§ Records for the task
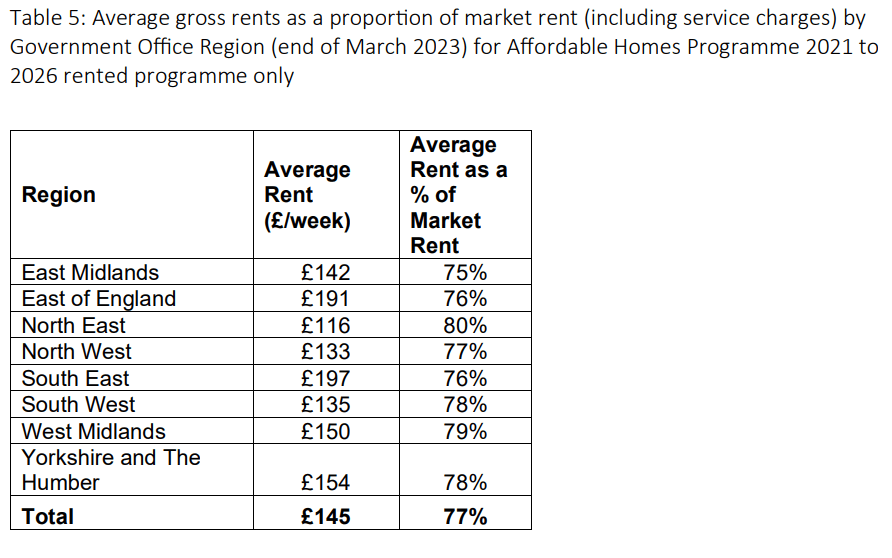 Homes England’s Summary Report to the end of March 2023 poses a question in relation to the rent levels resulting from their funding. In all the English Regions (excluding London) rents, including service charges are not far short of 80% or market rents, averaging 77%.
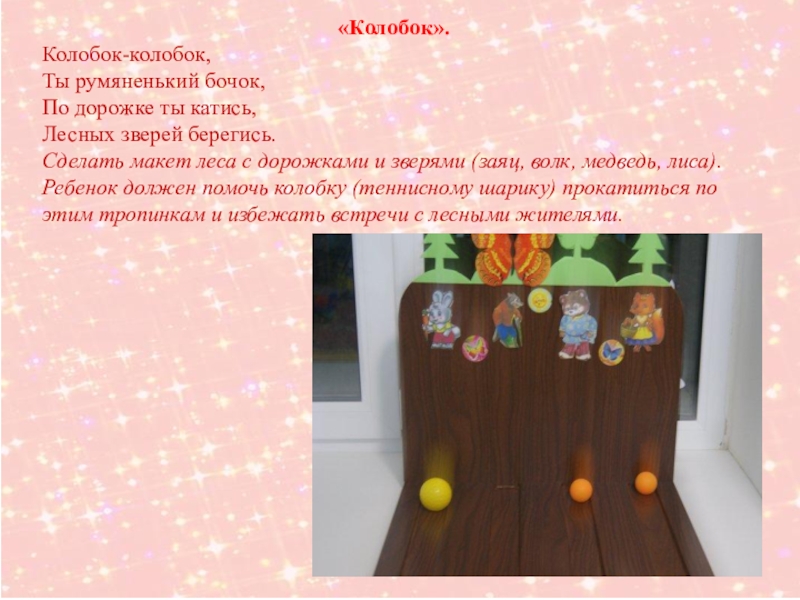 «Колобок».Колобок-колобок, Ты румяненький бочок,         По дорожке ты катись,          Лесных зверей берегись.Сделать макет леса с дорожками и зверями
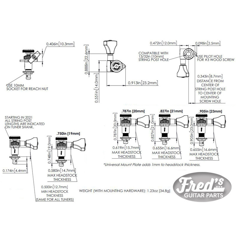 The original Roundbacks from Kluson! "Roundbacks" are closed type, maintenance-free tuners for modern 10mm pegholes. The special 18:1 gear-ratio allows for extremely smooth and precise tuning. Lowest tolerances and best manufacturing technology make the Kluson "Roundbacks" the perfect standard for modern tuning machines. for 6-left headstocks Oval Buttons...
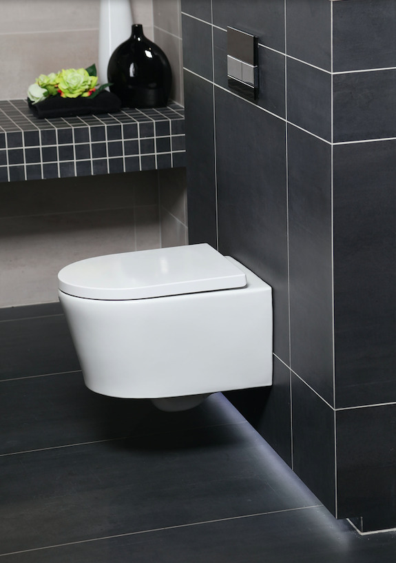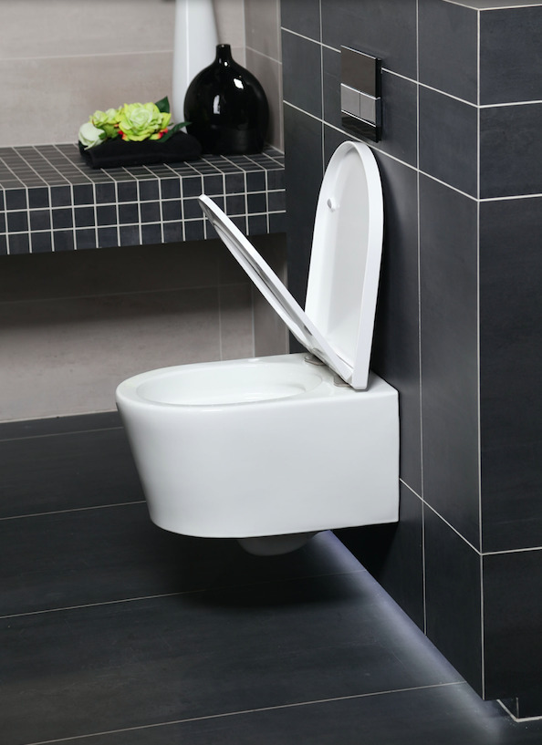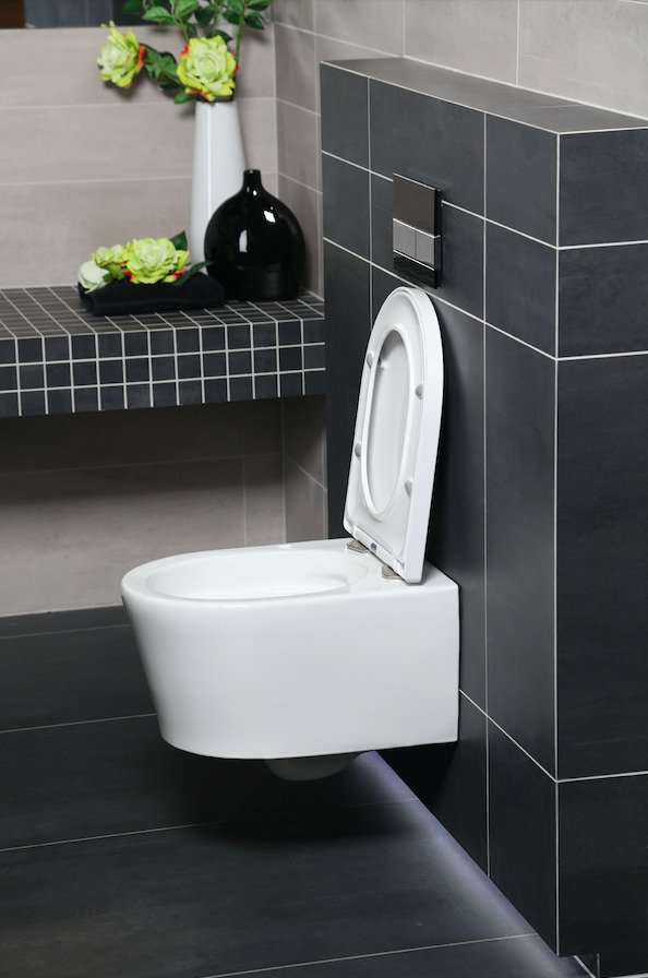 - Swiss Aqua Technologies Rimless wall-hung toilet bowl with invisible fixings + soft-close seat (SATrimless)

---

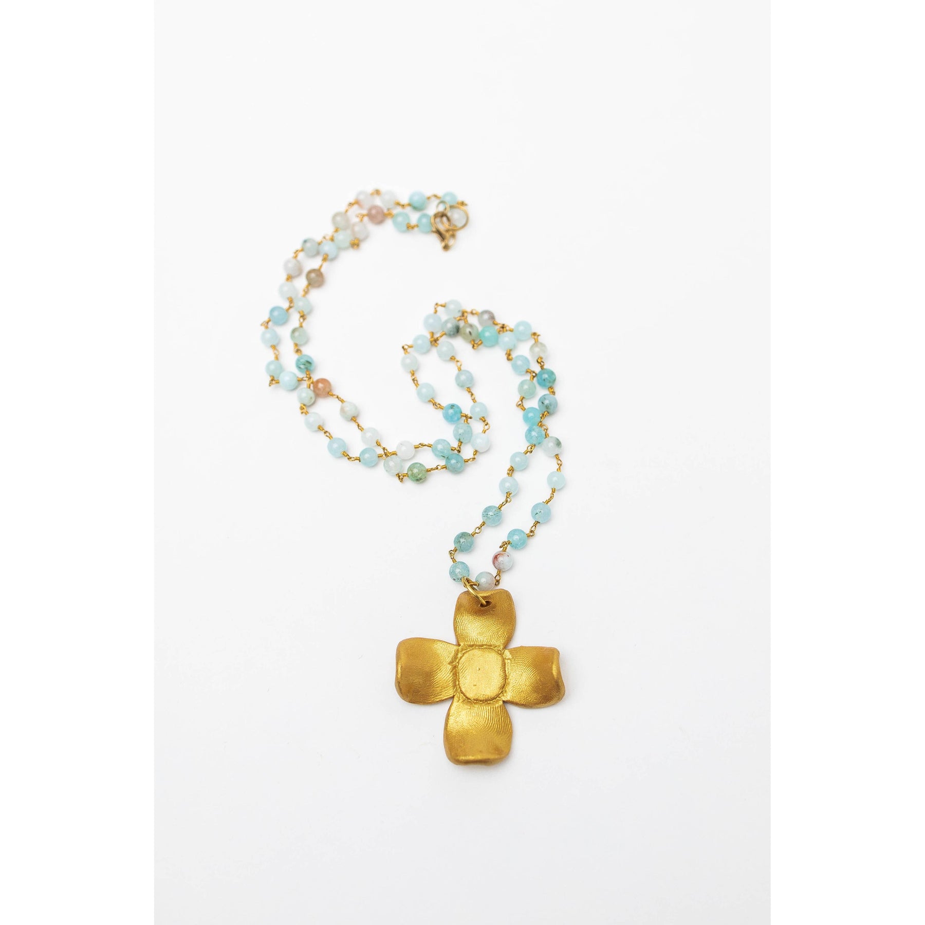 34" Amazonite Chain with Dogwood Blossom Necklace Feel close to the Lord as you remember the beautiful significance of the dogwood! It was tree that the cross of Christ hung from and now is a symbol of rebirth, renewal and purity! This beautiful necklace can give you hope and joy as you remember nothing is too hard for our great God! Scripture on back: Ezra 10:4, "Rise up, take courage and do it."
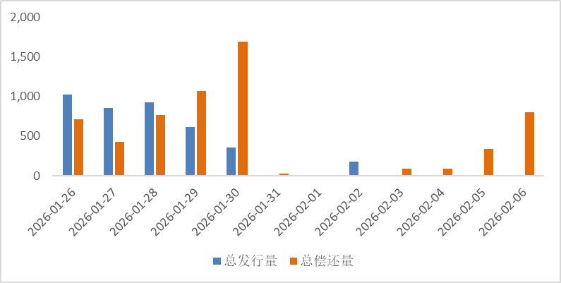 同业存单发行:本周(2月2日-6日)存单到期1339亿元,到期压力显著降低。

---

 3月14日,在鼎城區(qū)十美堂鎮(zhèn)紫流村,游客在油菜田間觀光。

§ Problem details
Now transcribe the lines above exactly, starting at the line containing "Homes England’s Summary" and ending at the line containing "- Swiss Aqua", both lines included, pictures excluded.

§ Task solution
 Homes England’s Summary Report to the end of March 2023 poses a question in relation to the rent levels resulting from their funding. In all the English Regions (excluding London) rents, including service charges are not far short of 80% or market rents, averaging 77%.
 «Колобок».Колобок-колобок, Ты румяненький бочок,         По дорожке ты катись,          Лесных зверей берегись.Сделать макет леса с дорожками и зверями
 The original Roundbacks from Kluson! "Roundbacks" are closed type, maintenance-free tuners for modern 10mm pegholes. The special 18:1 gear-ratio allows for extremely smooth and precise tuning. Lowest tolerances and best manufacturing technology make the Kluson "Roundbacks" the perfect standard for modern tuning machines. for 6-left headstocks Oval Buttons...
 - Swiss Aqua Technologies Rimless wall-hung toilet bowl with invisible fixings + soft-close seat (SATrimless)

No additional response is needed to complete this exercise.